By default, run API takes care of wrapping your model code in a TensorFlow distribution strategy based on the cluster configuration you have provided.

No distribution

CPU chief config and no additional workers

tfc.run(entry_point='mnist_example.py',
        chief_config=tfc.COMMON_MACHINE_CONFIGS['CPU'])

OneDeviceStrategy

1 GPU on chief (defaults to AcceleratorType.NVIDIA_TESLA_T4) and no additional workers.

tfc.run(entry_point='mnist_example.py')

MirroredStrategy

Chief config with multiple GPUs (AcceleratorType.NVIDIA_TESLA_V100).

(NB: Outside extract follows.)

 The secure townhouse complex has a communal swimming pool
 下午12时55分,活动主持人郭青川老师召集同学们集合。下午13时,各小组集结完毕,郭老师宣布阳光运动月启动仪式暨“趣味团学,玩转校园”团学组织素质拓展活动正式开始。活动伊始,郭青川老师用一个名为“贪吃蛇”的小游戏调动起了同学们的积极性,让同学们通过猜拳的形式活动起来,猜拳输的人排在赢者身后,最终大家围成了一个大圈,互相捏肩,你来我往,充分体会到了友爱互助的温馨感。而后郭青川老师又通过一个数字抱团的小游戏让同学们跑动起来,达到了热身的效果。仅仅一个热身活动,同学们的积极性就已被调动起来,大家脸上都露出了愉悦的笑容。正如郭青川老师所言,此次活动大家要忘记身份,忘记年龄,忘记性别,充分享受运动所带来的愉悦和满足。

tfc.run(entry_point='mnist_example.py',
        chief_config=tfc.COMMON_MACHINE_CONFIGS['V100_4X'])

MultiWorkerMirroredStrategy

Chief config with 1 GPU and 2 workers each with 8 GPUs (AcceleratorType.NVIDIA_TESLA_V100).

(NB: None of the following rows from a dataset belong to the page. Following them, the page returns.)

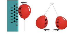البالونان على يمين الصورة لهما نفس الشحنة، لذا يتنافران إذا تلامس أحدهما مع الحائط
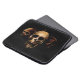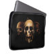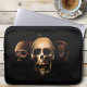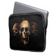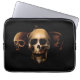 Tres cráneos humanos contra un telón de fondo negro. Una pequeña criatura está mirando por encima del cráneo medio
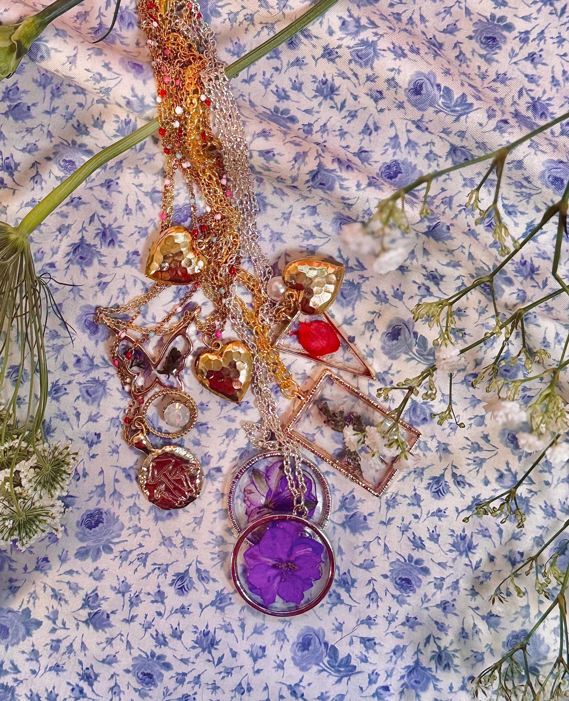 Resin Dried Flower Necklace | Real Pressed Floral Pendant | Custom Length Chain | Handmade Nature Jewelry Gift

tfc.run(entry_point='mnist_example.py',
        chief_config=tfc.COMMON_MACHINE_CONFIGS['V100_1X'],
        worker_count=2,
        worker_config=tfc.COMMON_MACHINE_CONFIGS['V100_8X'])

TPUStrategy

Chief config with 1 CPU and 1 worker with TPU.

tfc.run(entry_point="mnist_example.py",
        chief_config=tfc.COMMON_MACHINE_CONFIGS["CPU"],
        worker_count=1,
        worker_config=tfc.COMMON_MACHINE_CONFIGS["TPU"])

Please note that TPUStrategy with TensorFlow Cloud works only with TF version 2.1 as this is the latest version supported by AI Platform cloud TPU

Custom distribution strategy

If you would like to take care of specifying a distribution strategy in your model code and do not want run API to create a strategy, then set distribution_stategy as None. This will be required, for example, when you are using strategy.experimental_distribute_dataset.

tfc.run(entry_point='mnist_example.py',
        distribution_strategy=None,
        worker_count=2)